More specifically, module 32 quantizes the ten line spectral frequencies for both sets with a 26-bit multi-codebook split vector quantizer that classifies the unquantized line spectral frequency vector as a "voiced IRS-filtered," "unvoiced IRS-filtered," "voiced non-IRS-filtered," and "unvoiced non-IRS-filtered" vector, where "IRS" refers to intermediate reference system filter as specified by CCITT, Blue Book, Rec.P.48.
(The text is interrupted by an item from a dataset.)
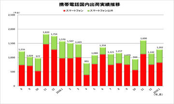 国内メーカーの携帯出荷、1月は前年同月比81.6%の128万台

FIGS. 6A and 6B show an outline of the LSF vector quantization process. Module 32 employs a split vector quantizer for each classification, including a 3-4-3 split vector quantizer for the "voiced IRS-filtered" and the "voiced non-IRS-filtered" categories 51 and 53. The first three LSFs use an 8-bit codebook in function modules 55 and 57, the next four LSFs use a 10-bit codebook in function modules 59 and 61, and the last three LSFs use a 6-bit codebook in function modules 63 and 65. For the "unvoiced IRS-filtered" and the "unvoiced non-IRS-filtered" categories 52 and 54, a 3-3-4 split vector quantizer is used. The first three LSFs use a 7-bit codebook in function modules 56 and 58, the next three LSFs use an 8-bit vector codebook in function modules 60 and 62, and the last four LSFs use a 9-bit codebook in function modules 64 and 66. From each split vector codebook, the three best candidates are selected in function modules 67, 68, 69, and 70 using the energy weighted mean square error criteria. The energy weighting reflects the power level of the spectral envelope at each line spectral frequency. The three best candidates for each of the three split vectors result in a total of twenty-seven combinations for each category. The search is constrained so that at least one combination would result in an ordered set of LSFs. This is usually a very mild constraint imposed on the search. The optimum combination of these twenty-seven combinations is selected in function module 71 depending on the cepstral distortion measure. Finally, the optimal category or classification is determined also on the basis of the cepstral distortion measure. The quantized LSFs are converted to filter coefficients and then to autocorrelation lags for interpolation purposes.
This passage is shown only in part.